======== RECORDED DATA

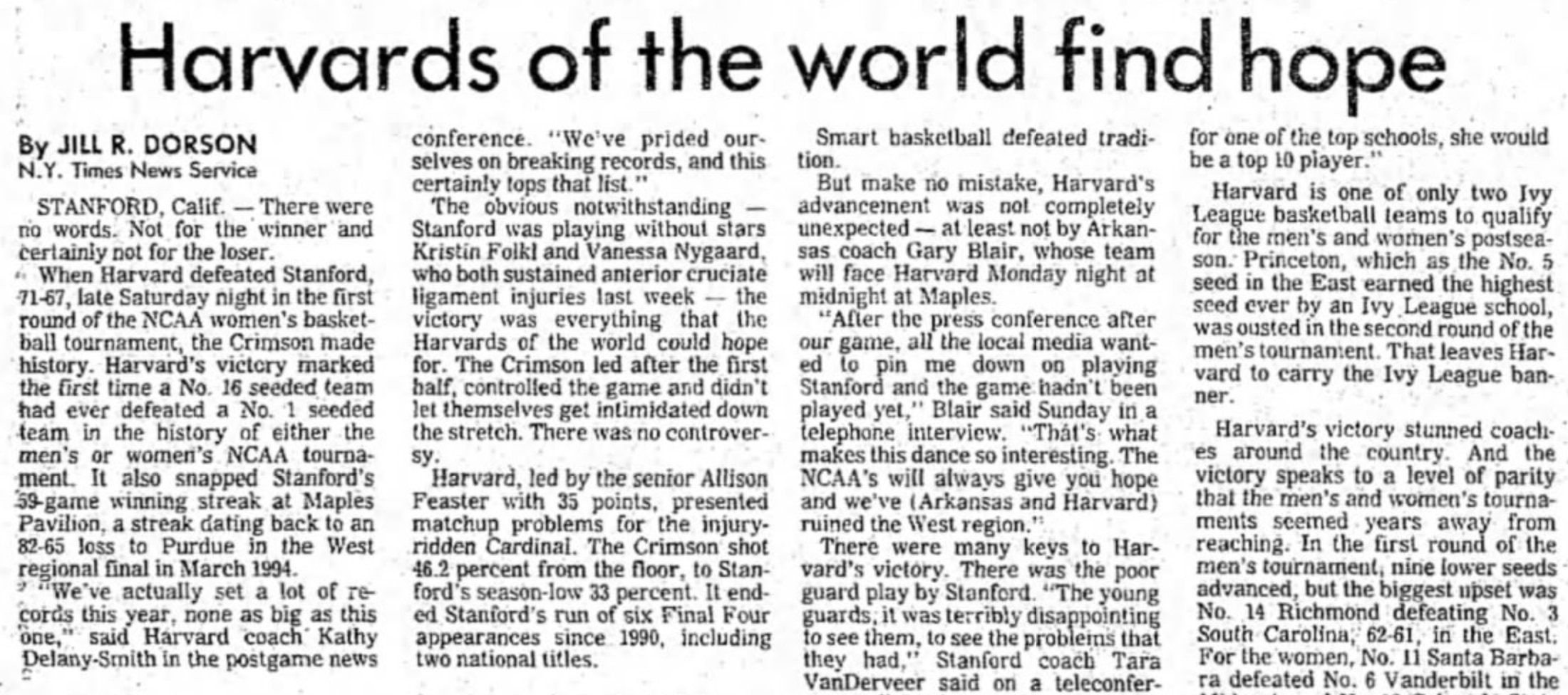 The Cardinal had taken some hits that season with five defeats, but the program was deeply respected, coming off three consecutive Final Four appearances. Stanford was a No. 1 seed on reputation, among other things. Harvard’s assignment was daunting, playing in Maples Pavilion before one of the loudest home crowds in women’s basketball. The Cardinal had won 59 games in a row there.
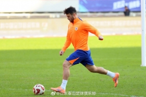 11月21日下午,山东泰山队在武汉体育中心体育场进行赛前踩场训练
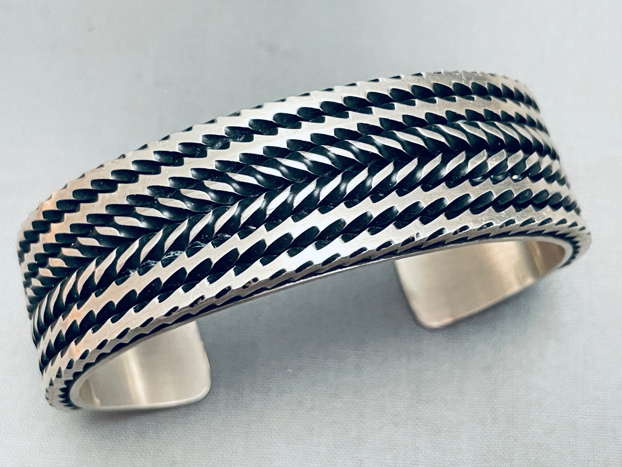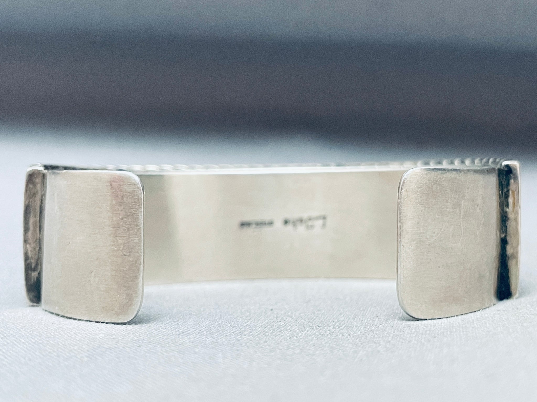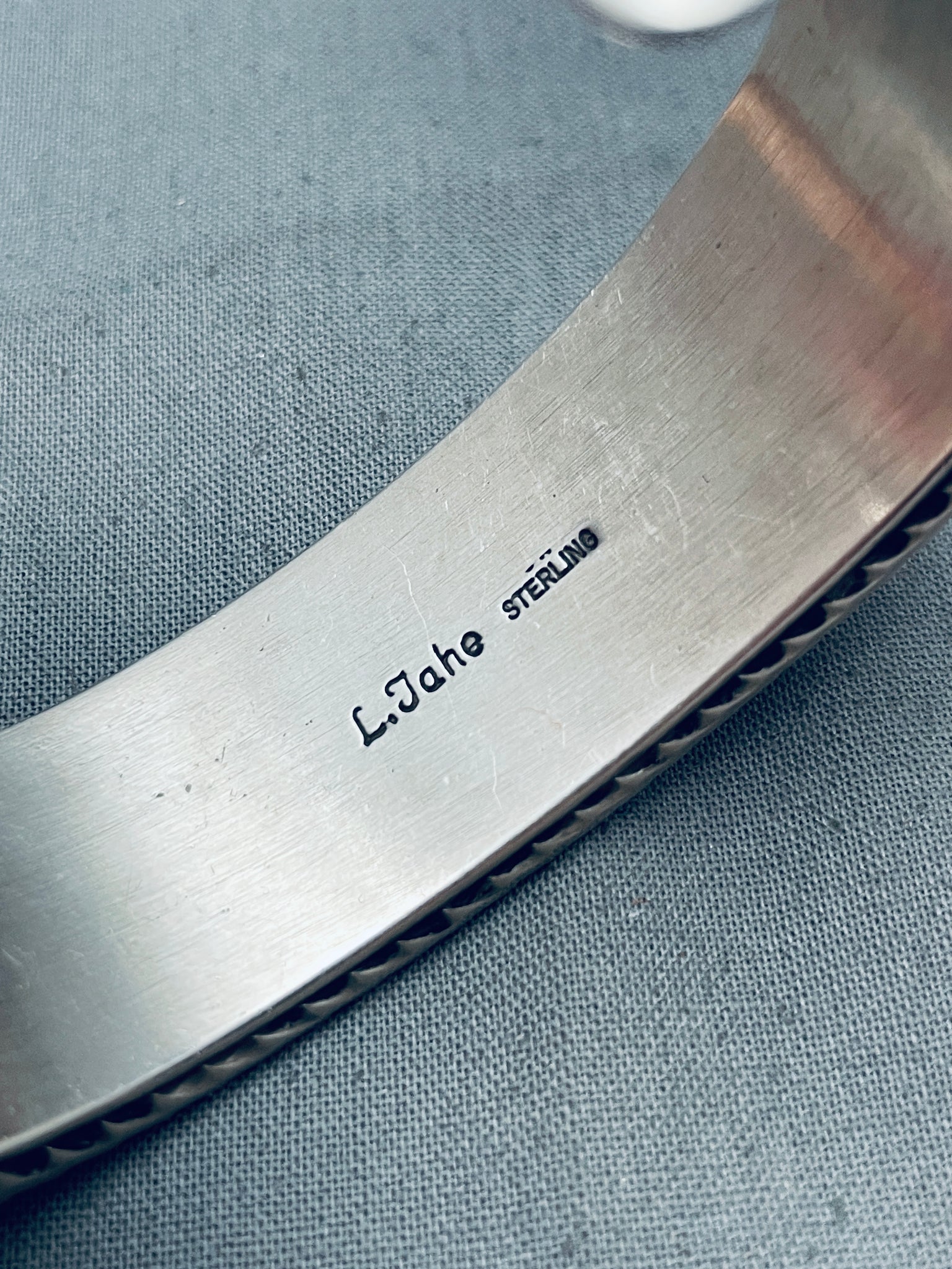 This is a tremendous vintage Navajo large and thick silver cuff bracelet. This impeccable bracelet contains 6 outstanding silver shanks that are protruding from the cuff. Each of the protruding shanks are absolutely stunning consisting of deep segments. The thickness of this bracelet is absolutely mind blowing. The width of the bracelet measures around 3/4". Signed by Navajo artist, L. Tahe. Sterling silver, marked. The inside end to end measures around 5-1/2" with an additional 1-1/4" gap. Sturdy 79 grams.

================

§ **REQUIRED ACTION**: Reproduce the listing verbatim, pictures excluded.

§ **SOLUTION TO THIS TASK**:
 The Cardinal had taken some hits that season with five defeats, but the program was deeply respected, coming off three consecutive Final Four appearances. Stanford was a No. 1 seed on reputation, among other things. Harvard’s assignment was daunting, playing in Maples Pavilion before one of the loudest home crowds in women’s basketball. The Cardinal had won 59 games in a row there.
 11月21日下午,山东泰山队在武汉体育中心体育场进行赛前踩场训练
 This is a tremendous vintage Navajo large and thick silver cuff bracelet. This impeccable bracelet contains 6 outstanding silver shanks that are protruding from the cuff. Each of the protruding shanks are absolutely stunning consisting of deep segments. The thickness of this bracelet is absolutely mind blowing. The width of the bracelet measures around 3/4". Signed by Navajo artist, L. Tahe. Sterling silver, marked. The inside end to end measures around 5-1/2" with an additional 1-1/4" gap. Sturdy 79 grams.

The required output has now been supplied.